CURRENT MONKEY STATUS: Unfortunately the server that housed the database is no longer operational. As soon as I can get the server application back up and running in a new home, the client will be available again.
Shakespeare Monkey Probability
For our purposes, we won’t use an actual monkey or a typewriter. Instead, we will employ a digital monkey simulation — for now, let’s call our monkey George.
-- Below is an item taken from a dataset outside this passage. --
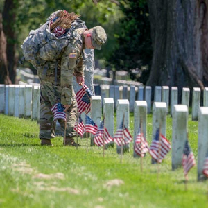 因此,1868年,5月30日这一天被正式批准为向为保卫祖国而英勇牺牲的士兵们敬献鲜花的日子。每逢阵亡将士纪念日,美国现役军人和老战士便排成长长的队伍前往墓地,鸣枪向阵亡将士致意,吹响军中熄灯号让死难将士安息。

George types at a reduced keyboard, containing only 32 characters:
26 letters
1 space bar
5 punctuation marks
On George’s keyboard, the space bar is slightly larger than the other keys and George’s fingers tend to hit it more often. The probability of George striking any given key is as follows:
Each Letter and Punctuation Mark 1 in 34 The space bar 3 in 34
Consider the phrase:
To be, or not to be: that is the question:
The phrase is 42 characters long — 9 space bars, and 33 other characters. If George starts typing, the chance he’ll get the first character right is 1 in 34. Since the probability he’ll get the second character right is also 1 in 34, he has a 1 in 34*34 chance of getting landing on both the first two characters. It follows that the probablility that George will type the full Shakespearan stanza is:
((1 / 34) ^ 33) * ((3 / 34) ^ 9)
or ~ 1 in 1.0666531575100571968353546589146 * 10^60
That exact # is a:
1 in 1,066,653,157,510,057,196,835,354,658,
914,553,991,296,211,872,584,111,802,259,963
chance of George getting it right.
Our digital monkey, however, is a pretty fast typer — George can do about 20 lines per second. How long would it take, therefore, for George to have a 99% probability of eventually getting it right? To compute this number, we’ll first need to consider how many lines George would have to type to have a 1% probability of getting it wrong every single time.
Assume N = that long # listed above (the probability of getting it right on one attempt).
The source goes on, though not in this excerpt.